APOE genotype Blood Determine APOE genotype to provide risk factor assessment; adjunct test to confirm/rule out probable AD Roughly 65% of AD patients have at least one APOE e4 allele; persons with 2 APOE e4 alleles have a much higher risk for AD, but this genotype is much less prevalent.
PSEN1 Blood Test for genetic mutation Associated with about half of the cases of early onset familial AD
PSEN2 Blood Test for genetic mutation; available in only a few labs Early onset familial AD; mutation very rare, identified in only a few family lines
APP Blood Test for genetic mutation; available in only a few labs Early onset familial AD; mutation very rare, identified in only a few family lines

Research is ongoing and new biomarkers, in addition to those listed in the table above, are being studied.


There is currently no prevention or cure for Alzheimer disease (AD). People may live with AD for up to 25 years, but the average is 8 to 10 years. Treatment consists of attempting to maintain function, easing symptoms, managing behavioral issues, and providing the affected person and caregivers with support and education. Early in the disease, those with AD may be able to live fairly independent lives with some assistance, such as memory aids and a structured environment. This is the time when the person can make plans and participate in decisions about future care.

Early diagnosis of AD may allow some people to receive moderate benefit from cholinesterase inhibitors. These medications may help to maintain intellectual ability by preserving the function of the neurotransmitter acetylcholine.

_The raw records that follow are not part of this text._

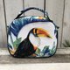 选用收藏布料手作而成,清新白底衬托出巨嘴鸟鲜艳身驱,搭配五金配件以及精致手工,是一款方便手提又具肩背功能的硬挺包款。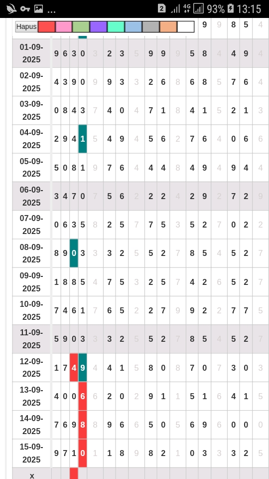 | Rumus Angka Mati berdasarkan kepala harian | 04 05 06 07 09 10 15 17 18 20 21 29 30 31 32 41 42 43 53 54 61 62 64 65 72 73 75 82 83 84 85 86 87 93 94 95 96 97 98 |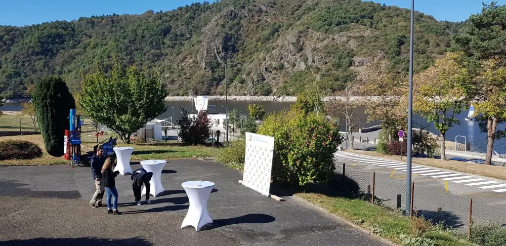 La salle de réception lumineuse, avec ses larges baies vitrées et ses belles poutres apparentes, est parfaitement adaptée pour accueillir vos conférences et séminaires. Le cocktail ou les pauses-café peuvent être organisés sur la terrasse ou sous la voile d'ombrage, offrant une vue imprenable sur le Lac de Grangent, propice à la détente et aux échanges professionnels.

Memantine may be prescribed to improve memory and attention, and antidepressants and other drugs may also be used in small quantities throughout the progression of AD to moderate personality and behavioral issues such as depression, agitation, paranoia, and violence.

Whenever possible, the affected person’s other medications are evaluated and the individual is taken off drugs that may worsen confusion. These may include central nervous system depressants, antihistamines, sleeping pills, and analgesics.

Environmental modifications may be made to make the person’s home safer and more familiar, and to make the person more comfortable.

While current research into the protective and therapeutic influences of certain substances is promising, specific agents cannot yet be recommended. They each carry their own associated risks and side effects. Further studies are needed to determine their actual effectiveness and long-term safety.

Common Questions

  1. Besides Alzheimer disease, what are some other causes of confusion, memory lapses, and cognitive decline?
    Occasional forgetfulness is a normal part of aging and should not be a cause for concern unless it increases in frequency or interferes with daily living. However, some of the causes of cognitive decline, besides AD, include:

  2. Is there a way to get involved in research efforts related to Alzheimer disease?
    Yes. Both affected and unaffected individuals can participate in clinical trials. In addition, people can donate the brain tissue of a family member after their death. For scientists to continue to study the causes of AD and to potentially find a cure, samples are needed of brain tissue from people who had AD as well as from elderly people who did not. You can find more information on clinical trials involving AD at the ClinicalTrials.gov website.
  3. Is there a link between mad cow disease and Alzheimer disease?
    There is no evidence at this time of any connection between bovine spongiform encephalopathy, commonly called mad cow disease, and Alzheimer disease even though some of the symptoms may appear similar.